For Zimbabwe, where nearly 80% of the population is rural-based, collecting both qualitative and quantitative data faces challenges, including low response rates; unreliable road access; unsuitable physical locations, including politicised locations; political and legal restrictions; and religious and cultural barriers. Researchers also need to contend with challenges that all researchers, in both the developed and developing world face, such as the need to ensure strong connections with people based in the local environments in which data collection takes place.

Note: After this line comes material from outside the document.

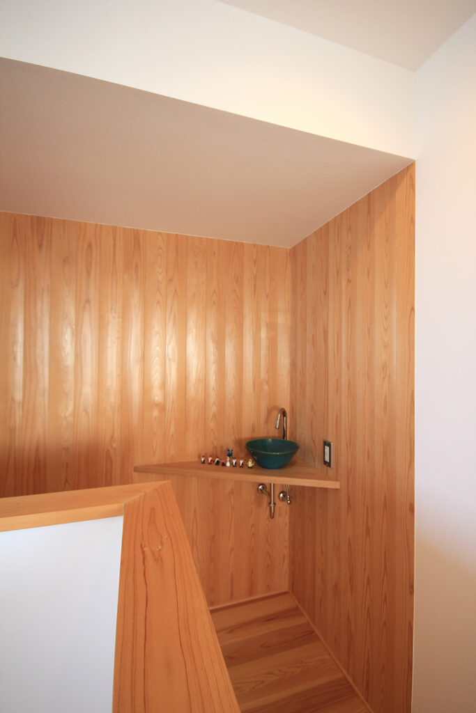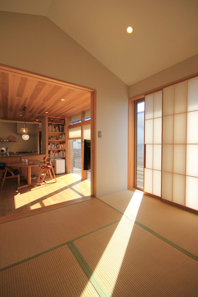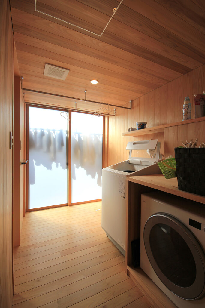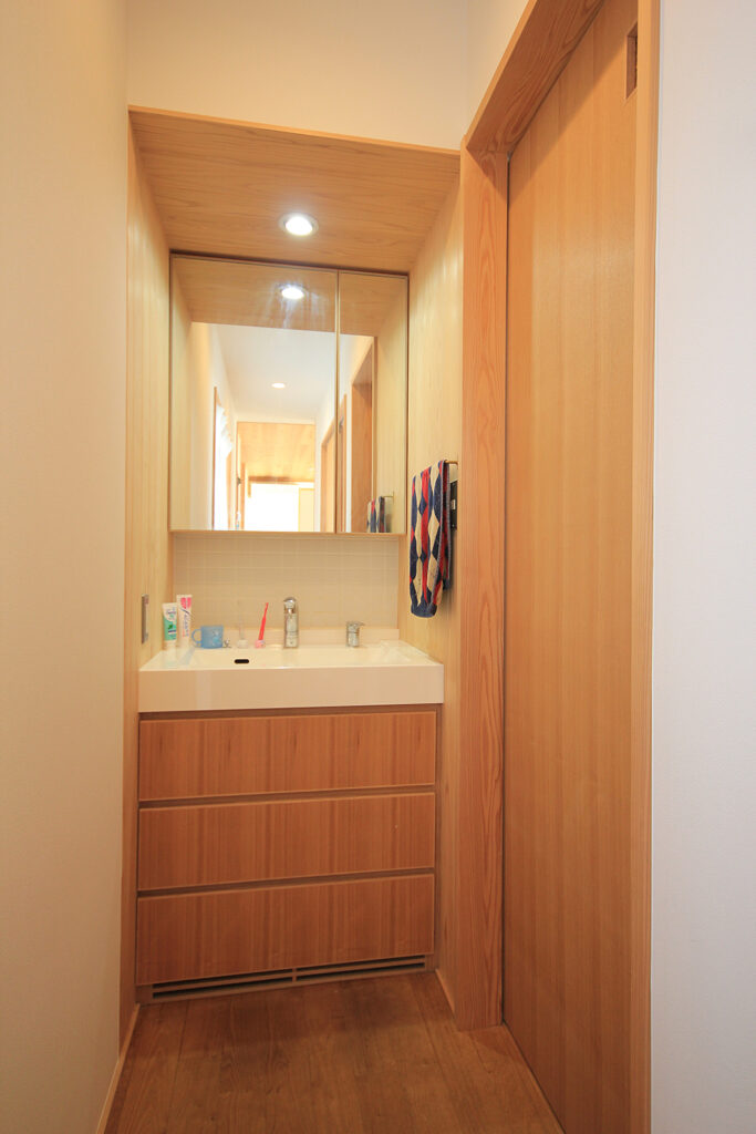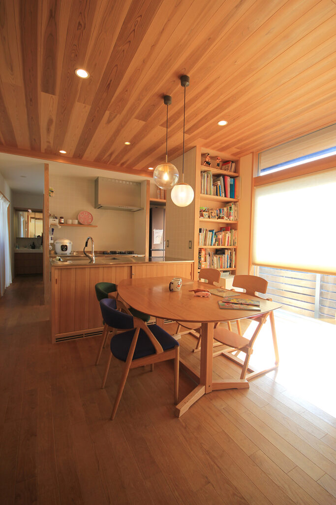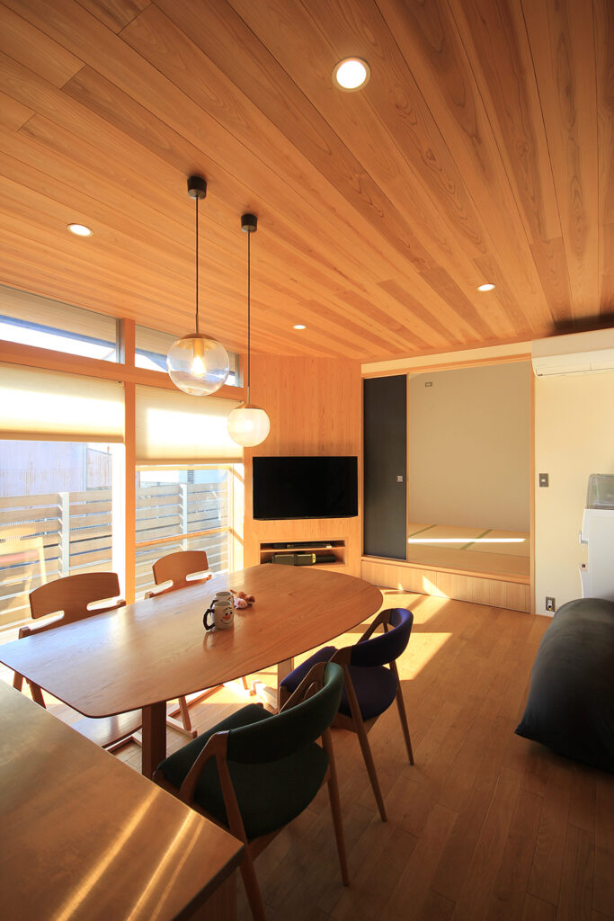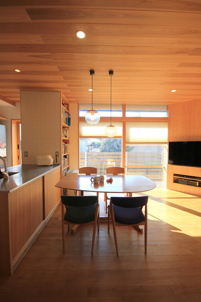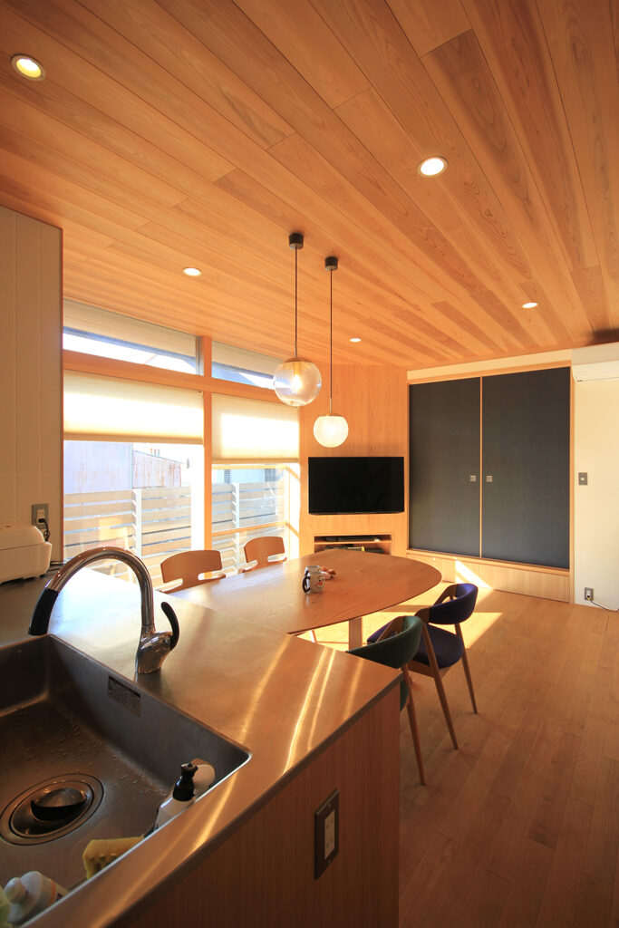 Nさんのお宅の大きな特徴は、南面にほとんどの部屋が並んだプランです。キッチンやダイニング、和室をはじめ、浴室や脱衣室も南に面して配置されています。どの部屋も日当たりが良く、明るさや暖かさと共に洗濯などの家事においてもストレスの少ないプランになりました。これらのプランを可能にしたのは土地形状のおかげで、東西に長い長方形の形状と、敷地の南面に近くのアパートの駐車場がある事が利点になりました。最近の住宅では、窓が少なく、窓の大きさも小さな家が増えてきたように思います。これは、断熱性能を重視するあまり窓の大きさを欠点として捉え、極力窓面積を小さく設計している事にあると思います。しかし、窓は欠点ではなくむしろ利点が多く、冬の暖かな日差しや部屋の明るさの確保、殺菌効果や水廻りなどの乾燥も期待できます。何より、明るく暖かい部屋である事が気分を上げ、1日の活力にもなります。Nさんのお宅に伺った日も窓から日差しがたくさん入っていました。

From an economic perspective, there are other challenges – inconsistent data collection standards, the context of data collection, where data collection is not core to business function, a lack of training in data collection as well as quality assurance processes – to name just a few.
That said, there has been a massive improvement in the collection and publication of some data, macro-economic data, for example. The Reserve Bank of Zimbabwe quarterly publishes data on the manufacturing sector, public finances, stock market indices, the exchange rate, prices and the real estate sector.
The World Bank annually produces a report on the various sectors of Zimbabwe’s economy, and the Confederation of Zimbabwe Industries, the mother body of the manufacturing sector, annually releases a report on the state of the sector in Zimbabwe. But the main agency with responsibility for data collection in Zimbabwe is ZimStat, the central statistical office, which is part of the Ministry of Finance.
Independent economist Eddie Cross, who is also the author of Zimbabwe’s president, Emmerson Mnangagwa’s, biography, told Africa in Fact that in the past ZimStat had been a very effective agency that “went downhill very badly during the collapse of the economy in the period leading up to 2008”.
“There has been some recovery, but ZimStat remains an agency operating well below the desired level. Generally speaking, the data collected by government is not regarded as being totally reliable,” Cross said.
Janet Zhou, executive director of the Zimbabwe Coalition on Debt and Development (ZIMCODD), agrees. She told Africa in Fact that ZimStat had to be continually strengthened to be able to carry out its mandate.
“In the past, we have seen donors and cooperating partners providing funds to ZimStat to enable it to fulfil its mandate, but I think the government should – and can – do more to capacitate ZimStat in order to provide the required data in a timely and comprehensive manner,” Zhou said.
ZimStat has, in the past, received support from the Australian Agency for International Development, the Danish International Development Agency, the United Kingdom Department for International Development, the European Union, the Swedish International Development Agency, and the United Nations Development Programme, among others. Funding agencies contribute 30% of ZimStat’s needs, especially during a census period.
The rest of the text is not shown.